Thursday, January 1, 2009

Chinese cuisine----Sichuan cuisine

Sichuan cuisine, another a hot style cuisine in China, is also called Chuan Cai. Originating in Sichuan Province of southwestern China, it is famed for bold flavors, particularly the spiciness resulting from liberal use of chilis and "numb" or "tingling" flavor of the Sichuan peppercorn. Just as we said in the former article, Sichuan cuisine, comparing to Hunan cuisine, lays great stress on its distinctive málà (hot and numbing) seasoning.

Sichuan food is famous for its many flavors, and almost every dish has its own unique taste. Actually, hot pepper, was introduced into China from South America only 200 to 300 years ago. Once it came to Sichuan, it became a favored food flavoring. Sichuan has high humidity and many rainy or overcast days. Hot pepper helps reduce internal dampness, so hot pepper was used frequently in dishes, and hot dishes became the norm in Sichuan cuisine. The Sichuan peppercorn is commonly used, which is an indigenous plant producing peppercorns with a fragrant, numbing, almost citrusy flavor. Also common are chili, ginger and other spicy herbs, plants and spices. Broad bean chili paste and yuxiang are also staple seasonings in Sichuan cuisine.

Common preparation techniques in Sichuan cuisine include stir frying, steaming, pickling, salting, drying, smoking and braising, but a complete list would include more than 20 distinct techniques. Beef is somewhat more common in Sichuan cuisine than it is in other Chinese cuisines, perhaps due to the widespread use of oxen in the region. Stir-fried beef is often cooked until chewy, while steamed beef is sometimes coated with rice flour to produce a very rich gravy.
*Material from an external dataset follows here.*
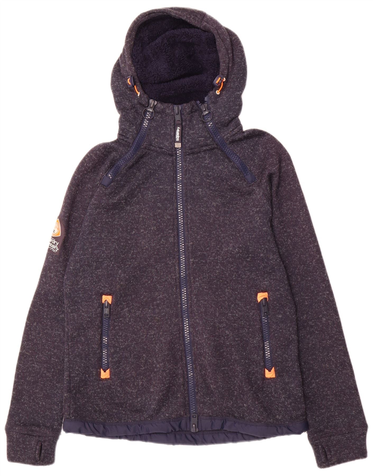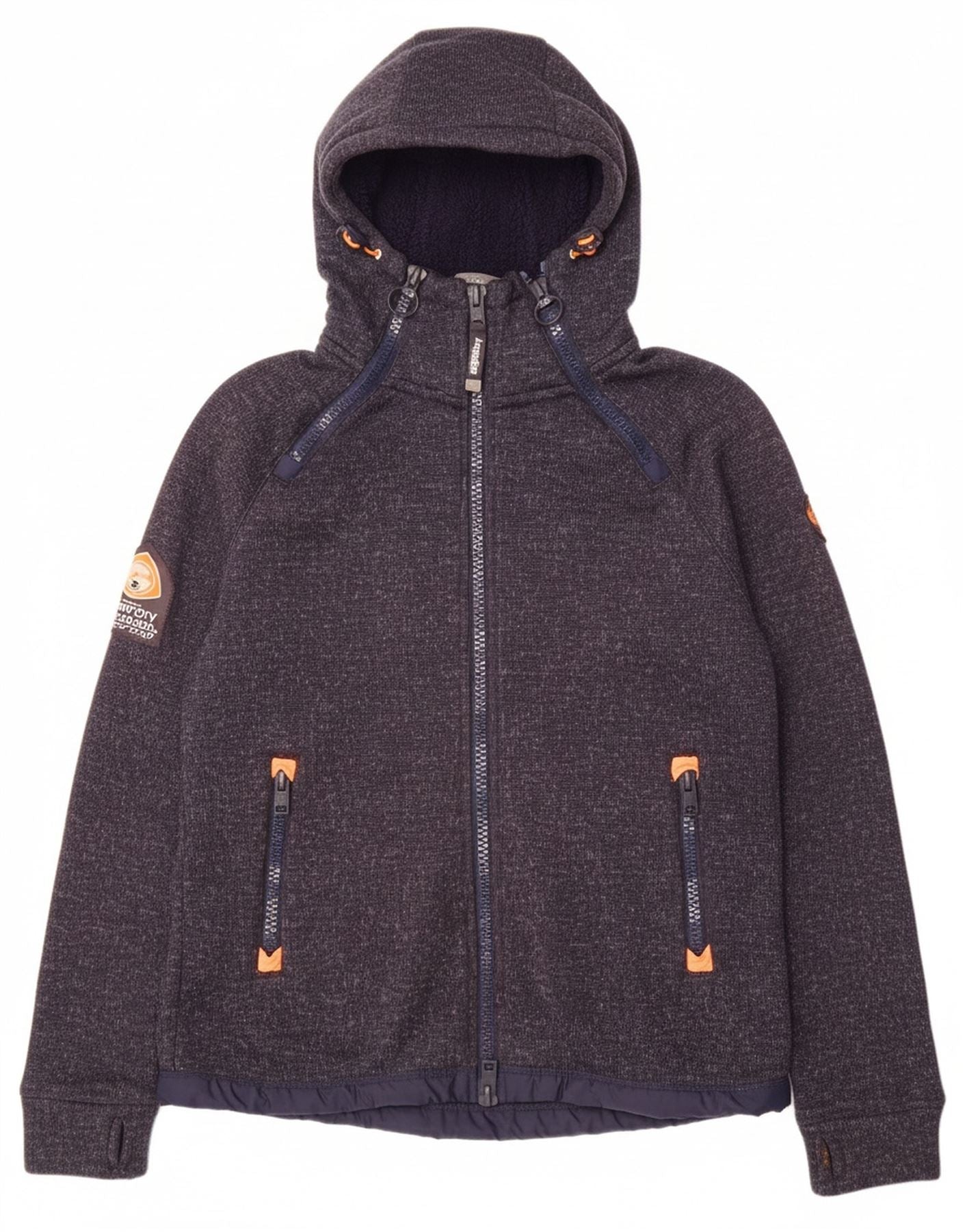 SUPERDRY Mens Zip Hoodie Sweater Medium Navy Blue Flecked Polyester

There are many local variations of Sichuan cuisine within Sichuan Province and Chongqing Municipality. The four best known regional sub-styles are Chongqing style, Chengdu style, Zigong style, and Buddhist vegetarian style.Delicious dishes include:

Stir-fried Tofu with Minced Beef in Spicy Bean Sauce - A real feast of tender bean curd, minced beef, pepper and bean sauce. It is said that it was made by a pock-marked but ingenious woman, thus the name Ma Po Tofu (pock-marked woman's bean curd).
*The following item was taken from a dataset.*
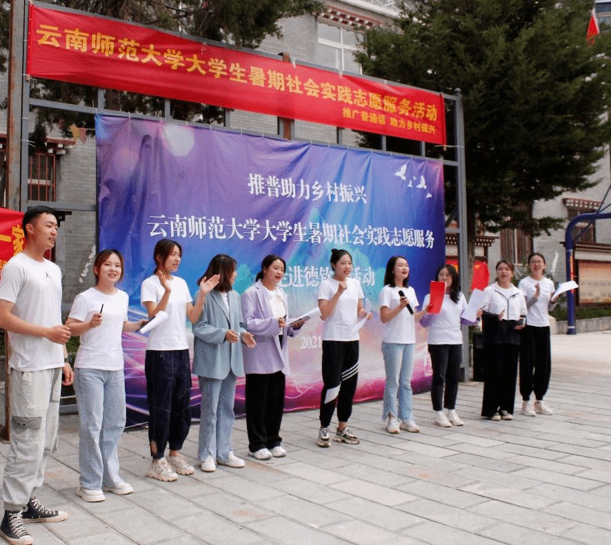 本次志愿服务团队由传媒学院播音主持专业负责人王建陵指导,语言传播系骨干教师谭辉协助带队,播音主持专业为主的12名优秀学生组成。根据德钦县教育局的统筹安排,志愿团队在升平镇敦和社区进行两场普通话诵读节目展演活动,并针对当地群众的普通话认知和运用水平进行了访谈及问卷调查。升平镇敦和社区、阿墩社区、阿东村、巨水村的数百名群众观看了诵读展演。

Lamp-shadow Beef - with larruping techniques, the beef is cut in very thin sheet. When a piece is carried, it looks like translucent paper, slippery and reddish. When put under the lamp or light, a red shadow will appear.

Gong Bao Ji Ding - This is a tender chicken dish, tender as the meat is quickly fried. Flavored with peanuts, this is tasty and very popular.

Lung Pieces by Couple - a quite popular in Chengdu. It got the name because the dish was ever sold be a couple and today it remains the original savor, tender meat, tingling and spicy.